> INPUT DATA
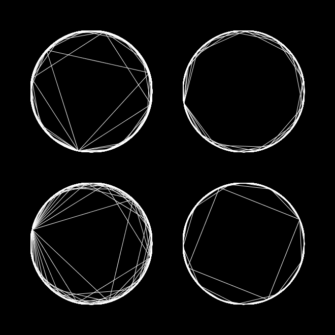 This project is an exploration of generating a circle in fifty different ways. You can read about the motivation for the project here. This was inspired by Manohar Vanga's very similar project, but the code is all my own.
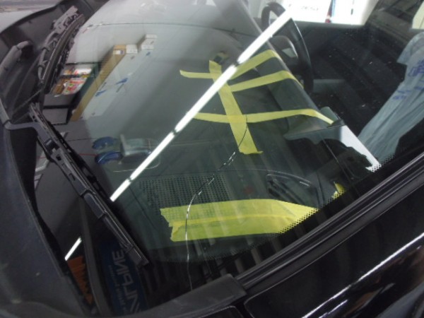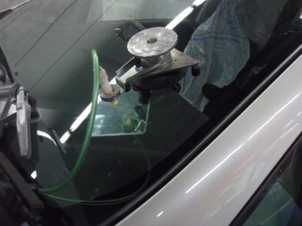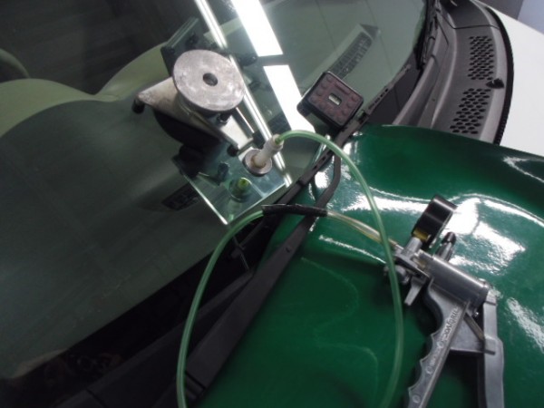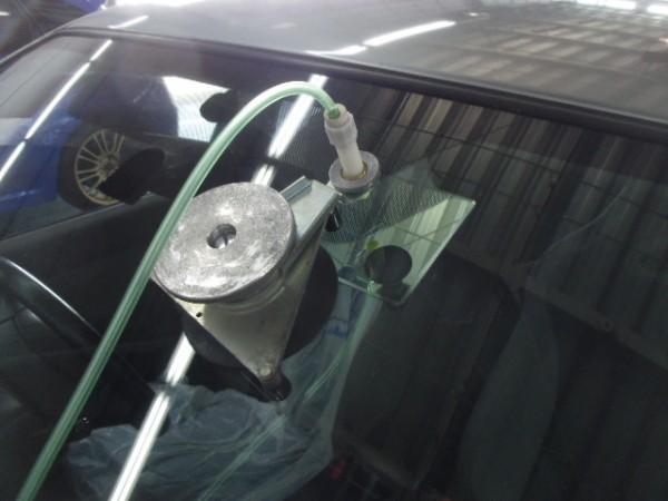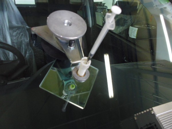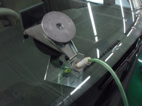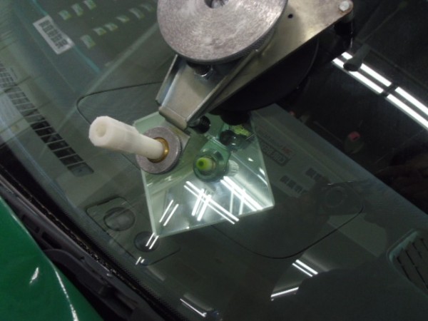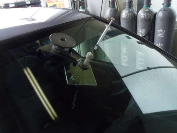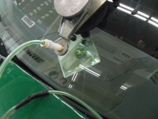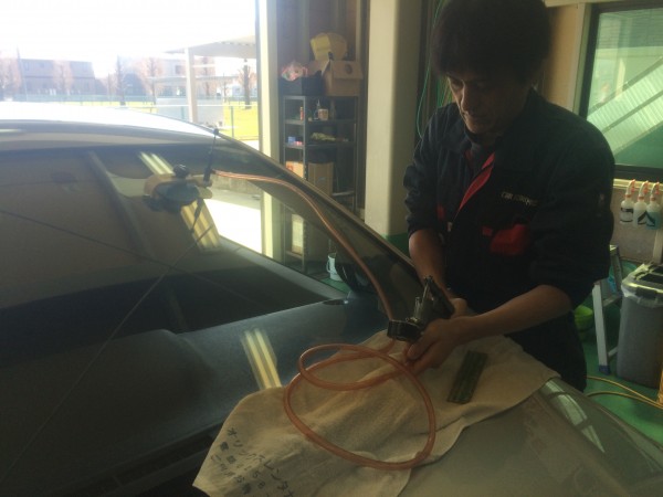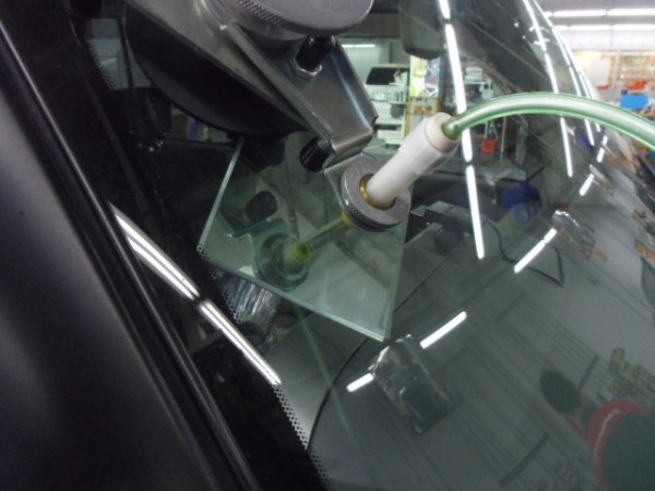 フロントガラスにヒビが出来てしまったと言う事でガラスリペア作業をします
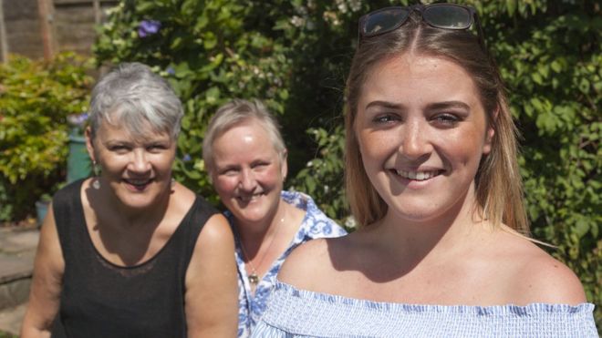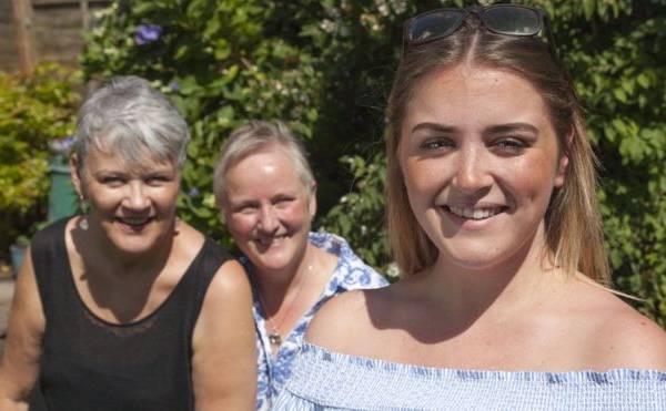 Jillian Stewart con sus dos madres, Susan y Gerrie Douglas-Scott.
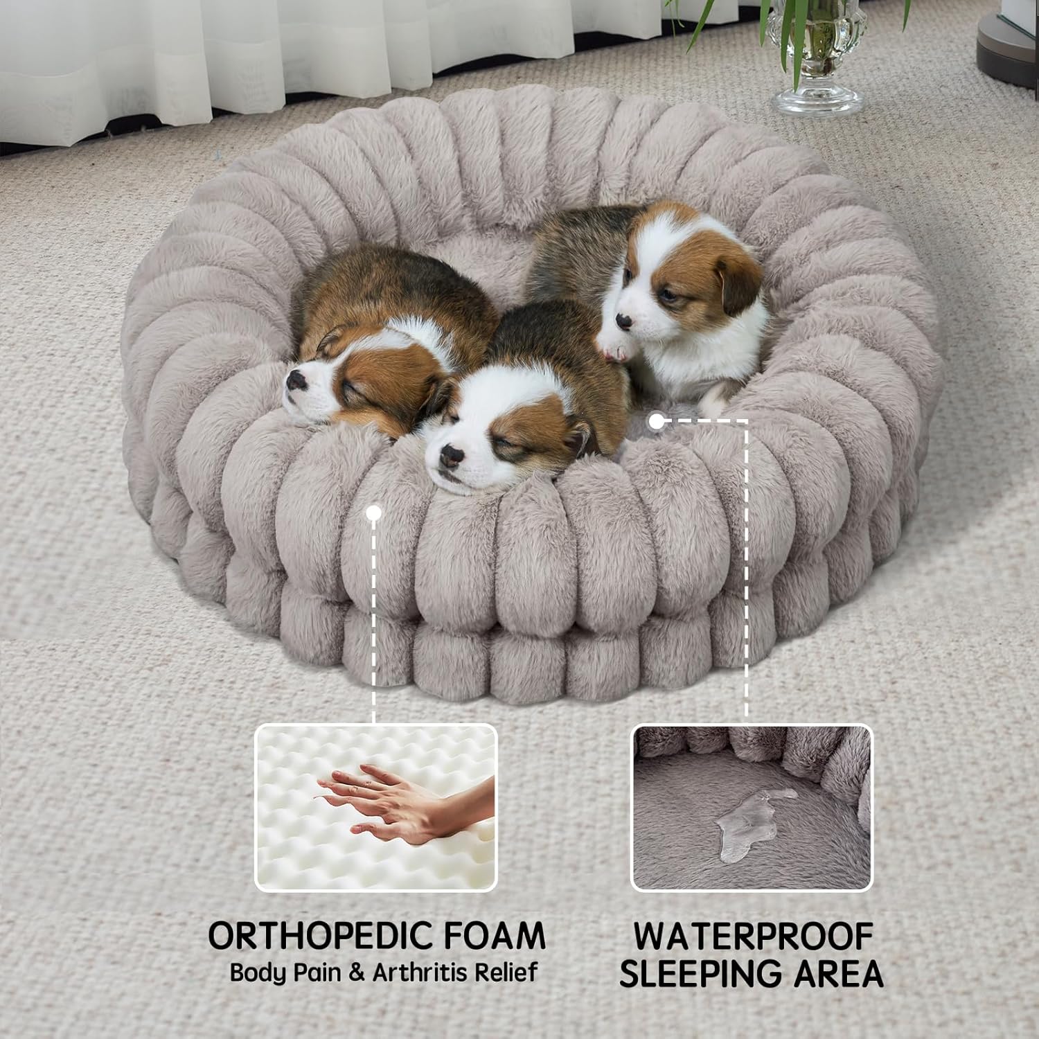 - Superior Support: The bottom of dog bed is filled with a whole piece of egg crate sponge, which always maintains a stable shape. This calming dog bed provides strong support for pets and effectively relieves muscle and joint pain

> YOUR ASSIGNMENT
Once the images are removed, print the remaining data exactly as it appears above.

> ANSWER SPACE
 This project is an exploration of generating a circle in fifty different ways. You can read about the motivation for the project here. This was inspired by Manohar Vanga's very similar project, but the code is all my own.
 フロントガラスにヒビが出来てしまったと言う事でガラスリペア作業をします
 Jillian Stewart con sus dos madres, Susan y Gerrie Douglas-Scott.
 - Superior Support: The bottom of dog bed is filled with a whole piece of egg crate sponge, which always maintains a stable shape. This calming dog bed provides strong support for pets and effectively relieves muscle and joint pain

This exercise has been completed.